With the development of social media, people like to post images and comments to share their ideas, which provides rich visual and textural semantic information for image aesthetics assessment (IAA). However, most previous works either extracted the unimodal aesthetic features from image due to the difficulty of obtaining comments, or combined multimodal information together but ignoring the interactive relationship between image and comment, which limits the overall performance. To solve the above problem, we propose a Multimodal Interaction-Guided Fusion Network (MIGF-Net) for image aesthetics assessment based on both image and comment semantic information, which can not only solve the challenge of comment generating, but also provide the multimodal feature interactive information. Specifically, considering the coupling mechanism of the image theme, we construct a visual semantic fusion module to extract the visual semantic feature based on the visual attributes and the theme features. Then, a textural semantic feature extractor is designed to mine the semantic information hidden in comments, which not only addresses the issue of missing comments but also effectively complements the visual semantic features. Furthermore, we establish a Dual-Stream Interaction-Guided Fusion module to fuse the semantic features of images and comments, fully exploring the interactive relationship between images and comments in the human brain’s perception mechanism. Experimental results on two public image aesthetics evaluation datasets demonstrate that our model outperforms the current state-of-the-art methods. Our code will be released at https://github.com/wenzhipeng123/MIGF-Net.

查看原文本刊更多论文

MIGF-Net：用于图像美学评估的多模态交互引导融合网络

随着社交媒体的发展，人们喜欢发布图片和评论来分享自己的想法，这为图像美学评价（IAA）提供了丰富的视觉和纹理语义信息。然而，以往的作品大多由于难以获得评论而从图像中提取单模态的审美特征，或者将多模态信息组合在一起而忽略了图像与评论之间的互动关系，从而限制了整体表现。针对上述问题，本文提出了一种基于图像和评论语义信息的图像美学评价多模态交互引导融合网络（MIGF-Net），既解决了评论生成的挑战，又提供了多模态特征交互信息。具体而言，考虑到图像主题的耦合机制，构建了视觉语义融合模块，基于视觉属性和主题特征提取图像的视觉语义特征。然后，设计了一个纹理语义特征提取器来挖掘隐藏在注释中的语义信息，既解决了注释缺失的问题，又有效地补充了视觉语义特征。此外，我们建立了双流交互引导融合模块，融合图像和评论的语义特征，充分探索图像和评论在人脑感知机制中的交互关系。在两个公共图像美学评估数据集上的实验结果表明，我们的模型优于当前最先进的方法。我们的代码将在https://github.com/wenzhipeng123/MIGF-Net上发布。

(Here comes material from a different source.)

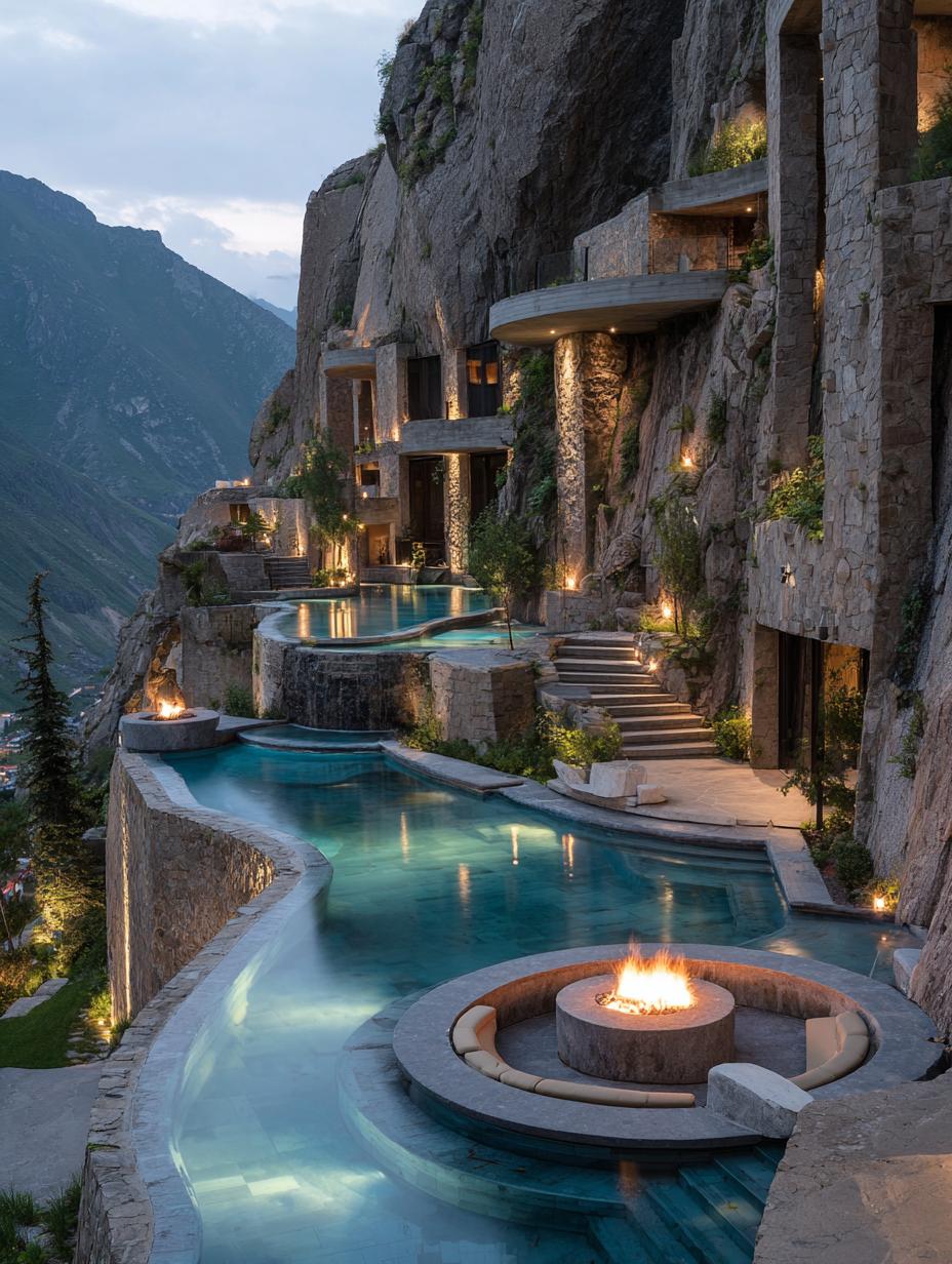 Cliffside Stone Sanctuary Features Multi-Level Infinity Pools and Fire Elements

本文章由计算机程序翻译，如有差异，请以英文原文为准。

求助全文

约1分钟内获得全文求助全文

来源期刊

Pattern Recognition 工程技术-工程：电子与电气

CiteScore

14.40

自引率

16.20%

发文量

683

审稿时长

5.6 months

期刊介绍： The field of Pattern Recognition is both mature and rapidly evolving, playing a crucial role in various related fields such as computer vision, image processing, text analysis, and neural networks. It closely intersects with machine learning and is being applied in emerging areas like biometrics, bioinformatics, multimedia data analysis, and data science. The journal Pattern Recognition, established half a century ago during the early days of computer science, has since grown significantly in scope and influence.